I’m fortunate to have strong social support and coping skills, which allow me to manage harassment effectively. Many people are chased off social media due to these attacks and no one should blame them. Science communication isn’t for everyone and there’s no reason to continue if it’s negatively impacting someone’s mental health. Emotion regulation skills and reaching out for support are paramount if one decides to engage in science communication in the face of harassment.
Paul: Yeah, I think my psychotherapy training has helped a lot in this arena too. What advice would you give to someone else going through a similar experience with harassment?
For people who are new to science communication, it’s important to remember that trolling, harassment, and personal attacks can sometimes come with the territory. And that you’re not alone. This article in Nature provides a glimmer into its prevalence on social media.

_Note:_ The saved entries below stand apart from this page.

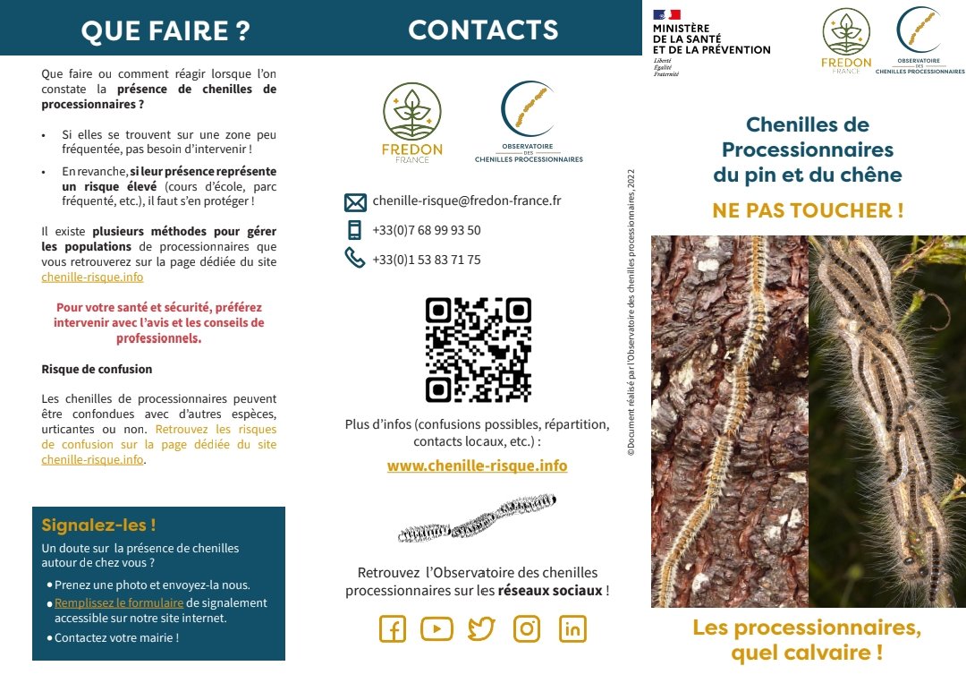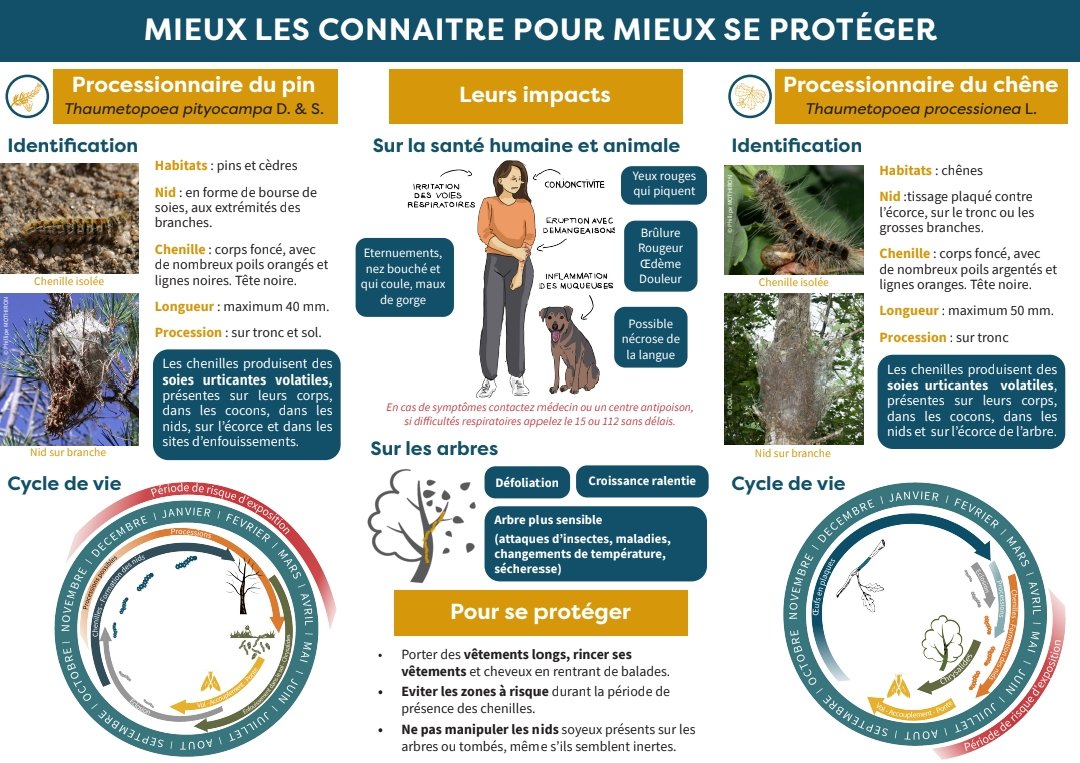 Ces chenilles sont recouvertes de poils très urticants, qui peuvent causer des lésions au niveau des yeux, des démangeaisons sur la peau et des irritations des voies respiratoires. Les chiens qui essaient de les manger peuvent avoir des blessures graves, allant jusqu'à la nécrose de la langue. Nous prendrons des mesures pour éviter leur propagation. En attendant, vous trouverez ci-joint les règles de prudence à appliquer.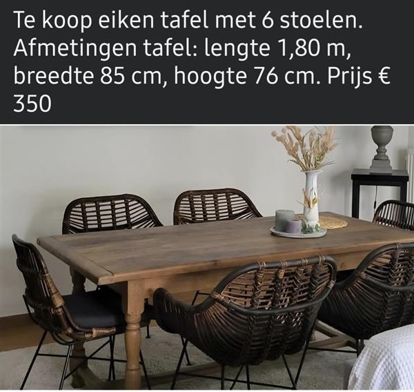 Te koop, vol- eiken tafel met 6 stoelen in perfecte staat.
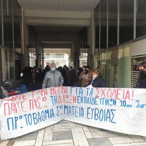 Επίσης, απαίτησαν να ανακληθεί εδώ και τώρα η δίωξη ενάντια σε εκπαιδευτικούς του 10ου Δημοτικού Σχολείου Χαλκίδας, που εξελίσσεται με ευθύνη της Διεύθυνσης Πρωτοβάθμιας Εκπαίδευσης, η οποία αντί να καλύψει άμεσα το κενό σε εκπαιδευτικό της ΣΤ' Δημοτικού επιχειρεί να κουκουλώσει τις ελλείψεις και να φορτώσει την ευθύνη στους εκπαιδευτικούς.
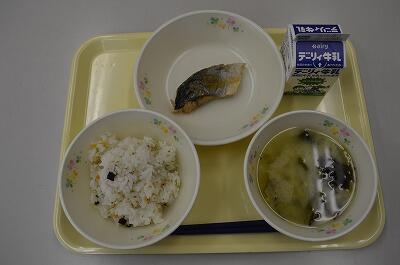 麦ごはん、さばのしょうがに、大根のみそ汁、かっぱづけ

It’s important to never take insults personally, as it reflects the headspace of the people lobbing the attacks, which are often directed not at you per se, but rather a distorted view and set of ideas about who they think you are.
Paul: Looking back, do you feel you’ve grown or changed from the experience of dealing with the harassment?
Personally, my experience of harassment has only strengthened my resolve to continue my patient advocacy work. I feel grateful to receive overwhelming and heart-warming messages of support voicing that my efforts have made meaningful differences toward improving people’s lives and health outcomes. And that’s everything. I find that extremely rewarding—and it’s satisfying to know that ultimately, the abuse from my harassers doesn’t matter.
It's also helpful to remember that those who engage in harassment have their own problems to work through and heal from in order to figure out what drives their behaviour. And that’s their responsibility, not ours.
Paul: Well said. Thanks for all this, Jonathan. I’ve learned a lot from hearing your story and I’m sure others will too.